**How to complete this task:** Print the data exactly as written, but leave out each picture.

**Dataset section:**
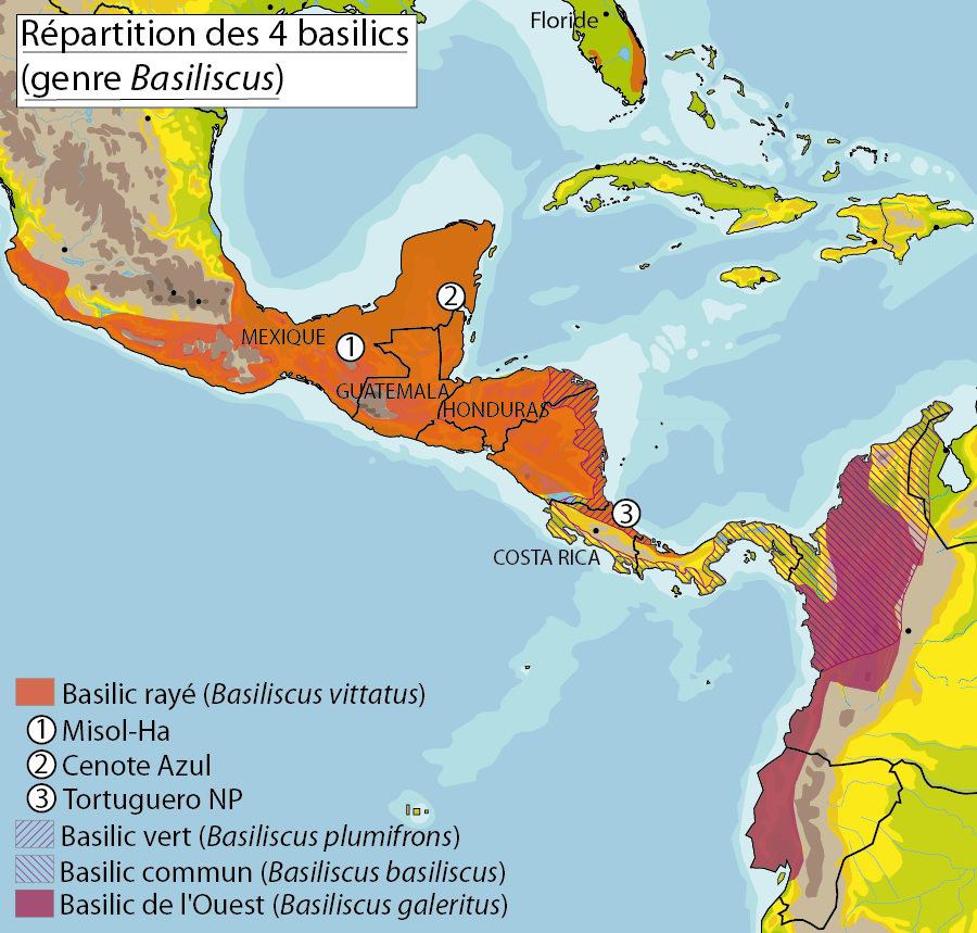 – 1 : Misol-Ha (Mexique) : Misol-Ha est une cascade touristique situé au Chiapas, entre le célèbre site archéologique de Palenque et les cascades d’Agua Azul. En aval de la cascade, en longeant la rivière, on verra facilement des basilics rayés. Sur le site de cascades d’Agua Azul, on peut aussi en trouver en amont des cascades à condition de marcher suffisamment pour s’éloigner des touristes.
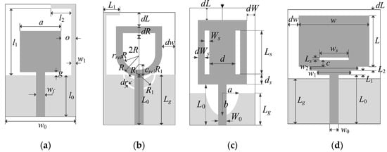 - Haq, M.A.; Koziel, S. On topology modifications for wideband antenna miniaturization. AEU Int. J. Electron. Commun. 2018, 94, 215–220. [Google Scholar]
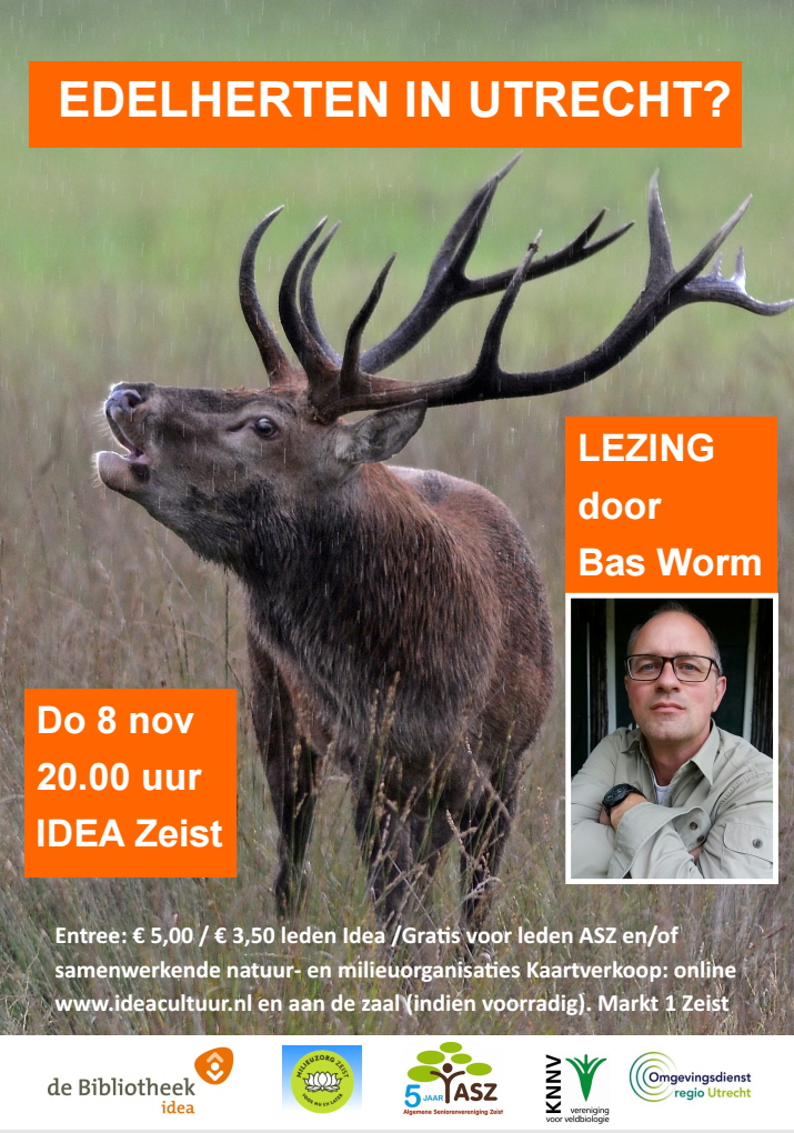 Ons bestuurslid Bas Worm zal op donderdag 8 november a.s. in Zeist bij de bibliotheek (Markt 1.) een lezing houden over edelherten in Nederland en de mogelijke rentree in de provincie Utrecht.

**Result:**
 – 1 : Misol-Ha (Mexique) : Misol-Ha est une cascade touristique situé au Chiapas, entre le célèbre site archéologique de Palenque et les cascades d’Agua Azul. En aval de la cascade, en longeant la rivière, on verra facilement des basilics rayés. Sur le site de cascades d’Agua Azul, on peut aussi en trouver en amont des cascades à condition de marcher suffisamment pour s’éloigner des touristes.
 - Haq, M.A.; Koziel, S. On topology modifications for wideband antenna miniaturization. AEU Int. J. Electron. Commun. 2018, 94, 215–220. [Google Scholar]
 Ons bestuurslid Bas Worm zal op donderdag 8 november a.s. in Zeist bij de bibliotheek (Markt 1.) een lezing houden over edelherten in Nederland en de mogelijke rentree in de provincie Utrecht.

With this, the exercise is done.